Le miroir convexe en verre donne à la fois la vision de la vie terrestre et du royaume céleste, donc il est un prisme qui transmet la lumière divine qui met en évidence la fragilité humaine mais promet en même temps un autre chemin à l’âme. Selon cette vision chrétienne, tous ce qui est terrestre va se détruire sauf l’âme immortel.
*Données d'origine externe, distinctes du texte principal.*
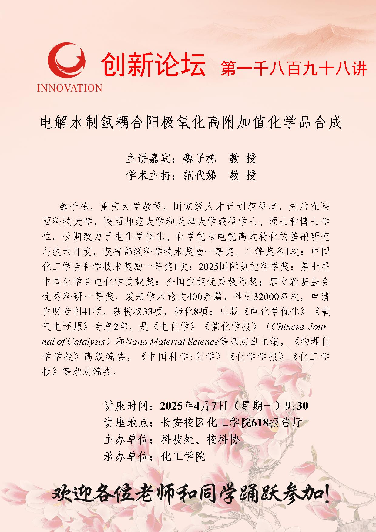 魏子栋 教授 必赢3003no1线路检测中心创新论坛第一千八百九十八讲:电解水制氢耦合阳极氧化高附加值化学品合成 讲座时间 2025年4月7日(星期一)9:30 讲座地点 长安校区化工学院618报告厅 讲座人介绍 魏子栋 教授 讲座内容

LE REMPLACEMENT DU MIROIR PAR LA VANITÉ

Cette relation délicate entre le miroir, la sphère de verre et le concept de vanité devait être assez évident pour les érudits de la fin du Moyen-Age puisqu’en 1505 après quelques éditions en français et en latin le miroir a disparu de la scène onirique du roman, il est remplacé par la vanité :

Pour le songe que jay songie auquel il come je croy na point de menchonge

ne chose vaine sans plus attendre

doy donner congie a loie de monde.

Hoc sompnicem quand vidi non est presertim inutile visum

aut inane. sed potioc docior

abitere omnem seculi vanitatem…

« À la suite du rêve auquel je songeai, dans lequel je crois qu’il n’y a pas de mensonge, ni de choses vaines, je dois m’éloigner des lois de ce monde (terrestre). Le songe auquel je songeai, n’est ni vain, ni vide, au contraire, j’appris a éviter toute la vanité de ce monde ».

Par cela nous voyons qu’au début du XVIe siècle, l’idée de la vanité de tout ce qui se passe dans le monde terrestre est déjà présent. Il faut attendre la fin du ce siècle pour que le concept puisse trouver la forme qui convient mieux, celle de la nature morte.

Il est quelque peu dommage que le books.google.com ne permet pas de lire la conclusion de cet article extrêmement intéressant mais même la partie accessible donne déjà beaucoup à réfléchir sur la vanité. Ainsi on peut y trouver non seulement un motif de la méditation sur la mort mais également un espoir.

Jacques de Gheyn, Vanité, 1603. Metropolitan Museum, New York

Jacques de Gheyn, Vanité, 1603. Metropolitan Museum, New York

Dans sa forme allégorique, les peintres expriment l’idée que si les choses terrestres comme des objets-symboles de la richesse, du pouvoir, de la gloire et des plaisirs sont mortels, ils vont être engloutir par le temps, l’âme humaine qui seule immortelle va dépasser la mort pour atteindre le royaume de Dieu. Et peut être, qui sait, cet âme invisible se cache dans le volume transparent reflétant la lumière divine.

Donc, la boule de verre, ou la bulle de savons, créent un effet de double optique, d’un prisme qui projette la vision du monde vain au ciel et qui visualise l’image de promesse céleste pour ceux qui attendent la mort avec l’humilité et l’espoir. Il nous semble que c’est n’est pas hasard que dans le tableau Vanité de Jacques de Ghein la sphère est présentée comme un objet de dévotion.